I think some people strive for the meaning of life for the same reason many people have a need for religion. They NEED something to hold onto. If they didn't have that something maybe they'd off themselves or become addicts. Beats me. 

It can be scary sometimes thinking of what will happen to you when you die and people need hope.


----------



## Charlie (Jun 7, 2009)

TreeBob said:


> I think some people strive for the meaning of life for the same reason many people have a need for religion. They NEED something to hold onto. If they didn't have that something maybe they'd off themselves or become addicts. Beats me.
> 
> It can be scary sometimes thinking of what will happen to you when you die and people need hope.


For me buddy, there is no meaning in life without looking for some meaning.

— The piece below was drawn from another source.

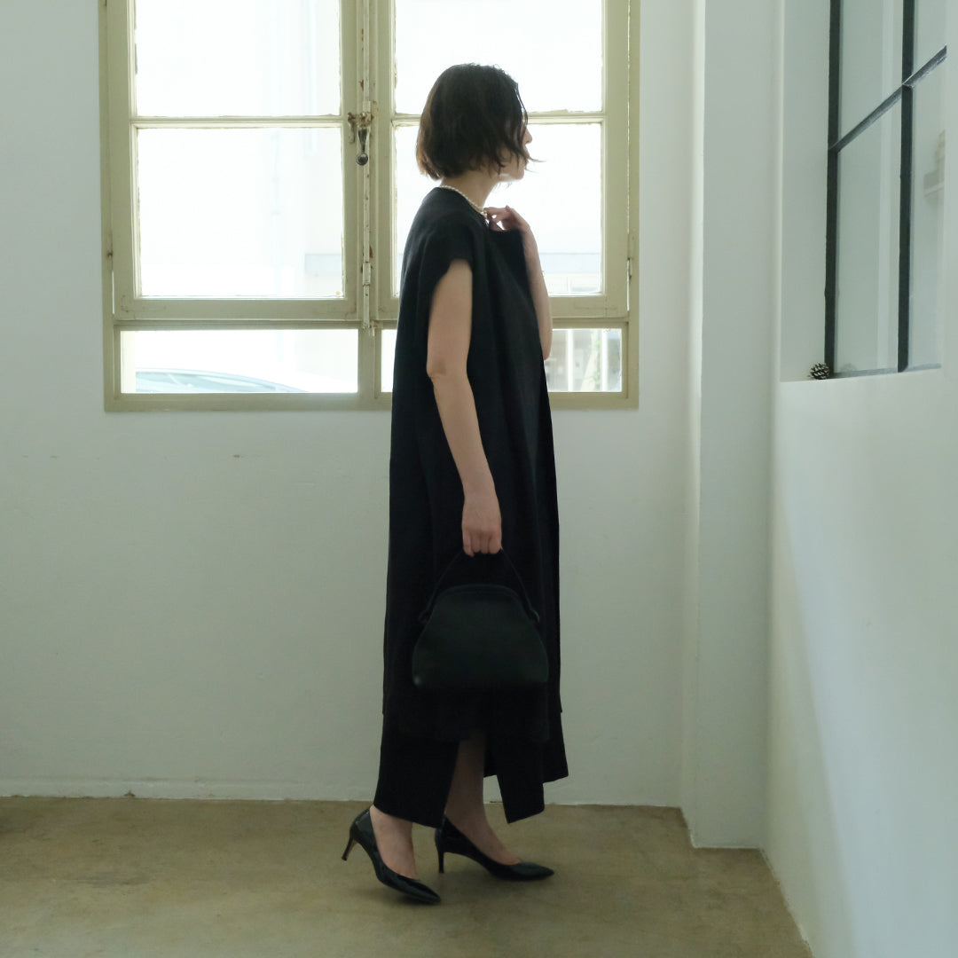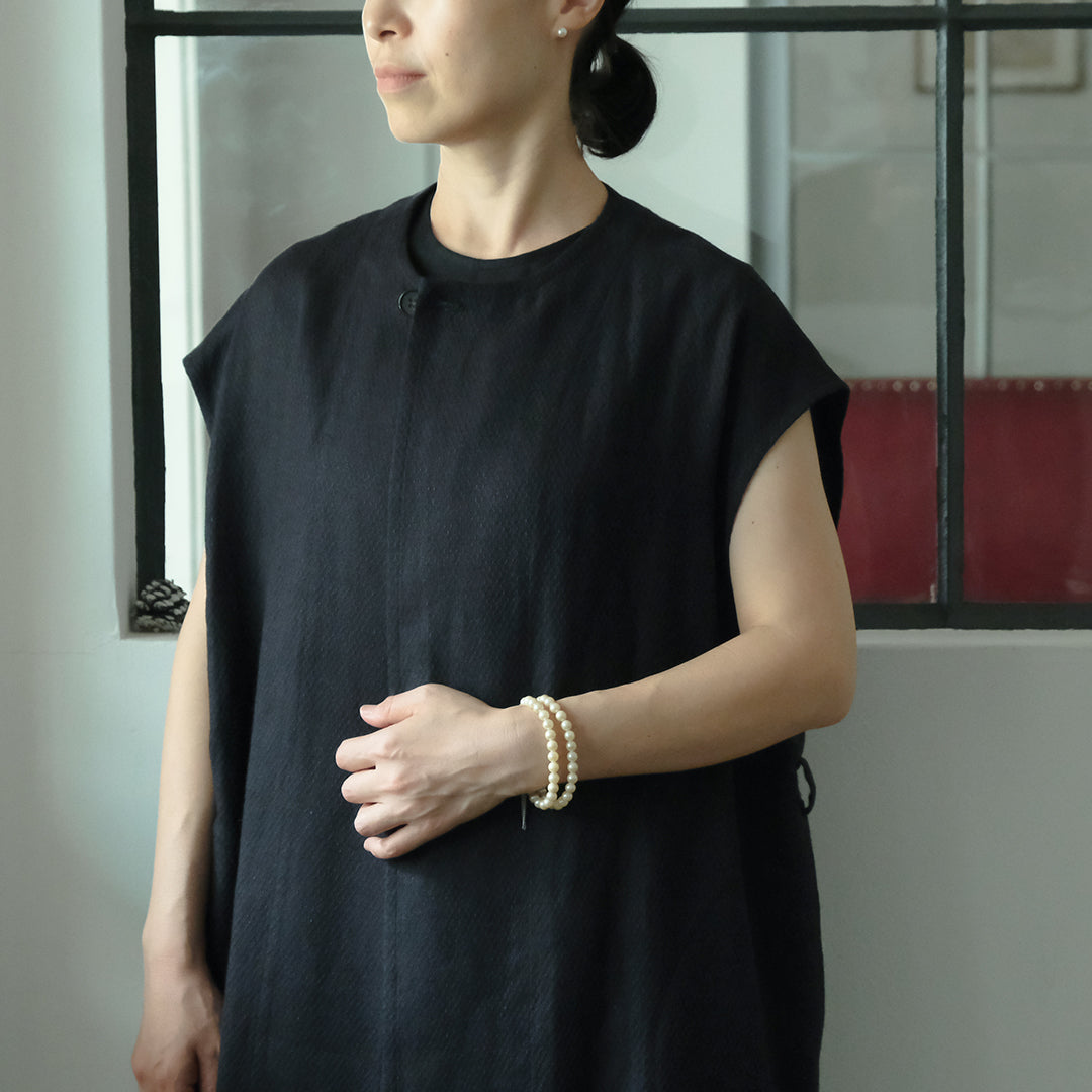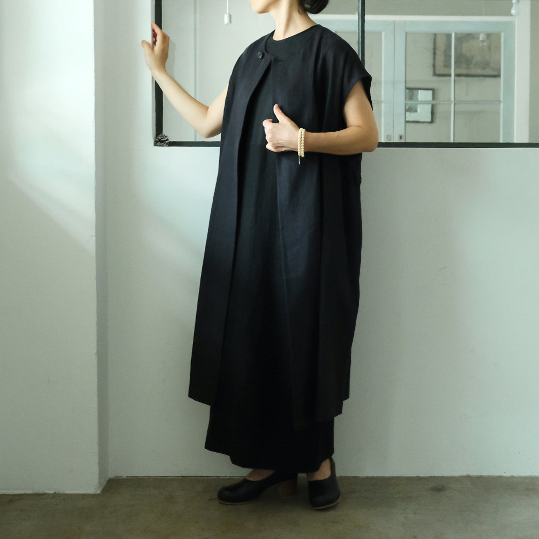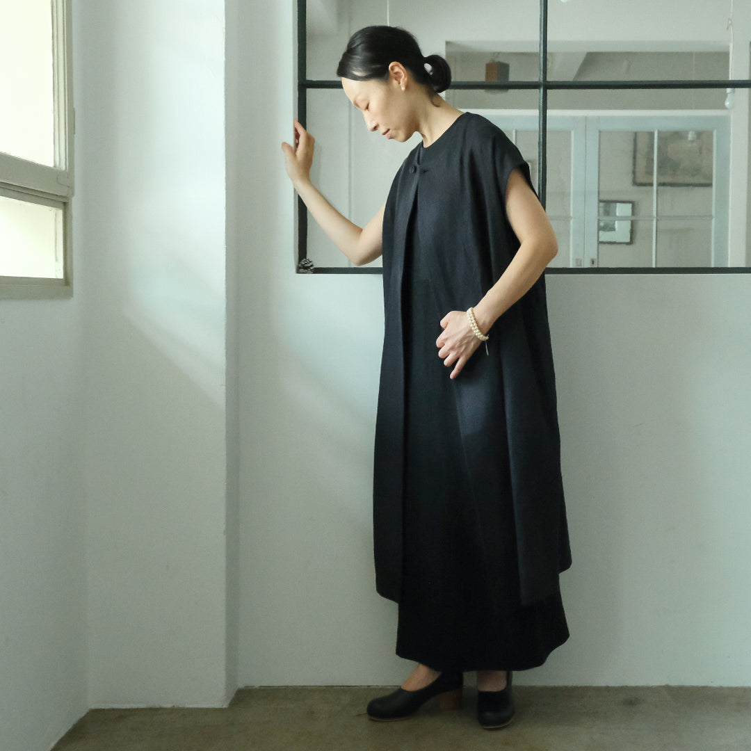 ウールと聞くと冬用かと思われがちですが、通気性と保湿性を兼ね備えたシャリ感のある生地は、冬場はあたたかく夏場は涼しくとても快適。▲丸く合わせやすい首元に、上品な水牛ボタンデザイナー自身、12月の結婚式にシンプルドレスとロングジレを合わせて参加。屋内のお式だったので問題なく過ごせたそうです。シンプルドレスサイズ1にロングジレを合わせて、バッグ:TACHINO CHIE、モデル身長159cm

We just see things differently... tis all.


----------



## vt1099ace (Jun 8, 2009)

TreeBob said:


> I think some people strive for the meaning of life for the same reason many people have a need for religion. They NEED something to hold onto. If they didn't have that something maybe they'd off themselves or become addicts. Beats me.
> 
> It can be scary sometimes thinking of what will happen to you when you die and people need hope.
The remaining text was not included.